As a blue-collared young professional, whenever my colleagues and I are fortunate enough to attend a game, we find ourselves trudging up endless flights of stairs staring wearily at a ticket that reminds us we belong in the 300s. Much like Gerard Butler’s movie, our 300 experience is fraught with perils like overweight, under-clothed freaks, dangerous projectiles, and the chance of falling over a ledge to our death.
We do, however, embrace the overwhelming level of true fan support up in the thin air, and are afforded the luxury of avoiding some of the most irritating elements of watching the game at home:
– The game is on TNT. Giving me Ernie, Kenny and Charles before the game and Reggie Miller during it is like going to a restaurant where Scarlett Johansson is the hostess and Courtney Love is your waitress. Reggie and Courtney both peaked in the 90’s, were only good from long range, and are the one sexual encounter thousands of men regret most. I don’t want to deal with either of them while I’m eating.
– The game is in Miami or LA and you are water-boarded into seeing immeasurable amounts of douche-baggery in the form of indoor sunglasses. A fashion choice that seemed contained in Euro clubs has become a courtside epidemic, rendering everything our grandfathers fought for meaningless. We throw Vujacic and Gasol onto the court for five minutes and every t-shirt and pair of jeans starts to auto-shrink like Marty McFly’s jacket in 2015.
The latter has become more problematic because we can always simply watch our local broadcast to eliminate the drivel. We get it, you scored second row tickets behind the opposing bench through your dad’s firm and he is heading down to Montenegro yielding two extra tickets. You invite your best friend and the hottest girl either of you are acquaintances with. As a result of the overwhelming offer they are not only too jaded to offer realistic advice, but are obligated to approve of the evening’s attire.

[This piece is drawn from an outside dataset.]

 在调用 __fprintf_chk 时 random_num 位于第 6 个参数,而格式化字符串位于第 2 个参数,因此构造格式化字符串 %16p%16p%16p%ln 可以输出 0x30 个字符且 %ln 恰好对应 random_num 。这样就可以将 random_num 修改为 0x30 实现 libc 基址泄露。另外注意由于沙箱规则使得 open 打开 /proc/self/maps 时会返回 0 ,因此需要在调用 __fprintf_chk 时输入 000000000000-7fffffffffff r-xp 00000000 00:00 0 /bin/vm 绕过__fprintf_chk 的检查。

As a result you enter the stadium with your go-to acid-wash jeans, extra medium Tee and lightly tinted, oversized shades just in time for the 8 p.m. tipoff. At this point, this three-headed dragon has used every media vehicle to let the world know they will be on TV for every timeout, panned bench shot and breakdown of attending celebrities. For the extra fortunate, they are posted up behind the scorers table and get prime face-time, competing only with the even hotter girl texting the entire night and Frank Caliendo product placement trucker hats.

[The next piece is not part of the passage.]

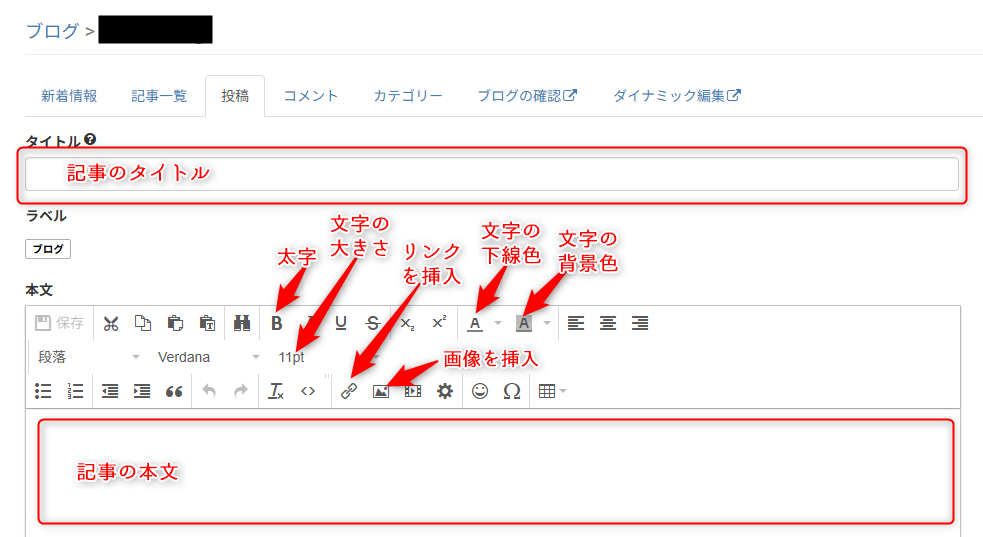記事の投稿画面が表示されますので、下記の様に入力していきます。

While the ratio is absurdly in favor of non-daywalkers, there is a guarantee that big name, primetime games will attract at least 12-17 of these folk, not named Jack Nicholson. There is an understanding that cities like Miami and LA carry extreme cultural differences compared to Middle America or your less glamorous city, but saying it’s OK to wear sleeveless shirts and sunglasses at a hoops game is like saying 2012 was this years Hurt Locker. Sidenote, like many things, there are tolerances. Example: an overweight fellow wearing a sleeveless “Beat LA” tee with chest lettuce poking out of the top is very much more adored then the shaved, tanned up gym rat sporting a deep vee with dragons and card suits plastered all over. This falls into the same principals as using “their”, “they’re” and “there”, sound the same, but much different.

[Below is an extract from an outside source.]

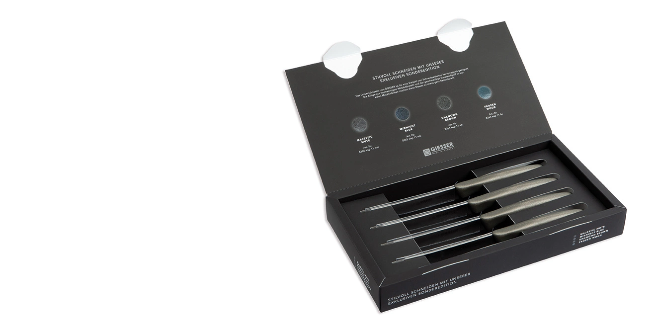 Sada nožů GIESSER MESSER je jedinečná kolekce kuchyňského náčiní vytvořená s ohledem na nejvyšší přesnost a odolnost. Každý nůž v sadě je vyroben z vysoce kvalitní chrom-molybdenové oceli kalené na tvrdost 56 stupňů Rockwellovy stupnice (+/- 1 stupeň), což zaručuje jejich výjimečnou ostrost a dlouhou životnost. Díky ručnímu napínání jsou čepele dokonale nabroušené, což usnadňuje jejich používání při každodenní kuchyňské práci.

In review; we have seen fads and trends come and go, some leaving as quickly as they swept in but these newly acquired Heat fans are vandalizing several unwritten rules. Yes, the notion that Miami is more of a novelty act then an actual fanbase may be known to even the casual sports followers makes them an even bigger target. And yes, Heat home games are a Joan Rivers short of being a red carpet event. Can’t we form our own, smaller tea-party rallying for the end of sunglass-wearer-at basketball guy/gal?
Now excuse me while I go work on this wheatgrass latte.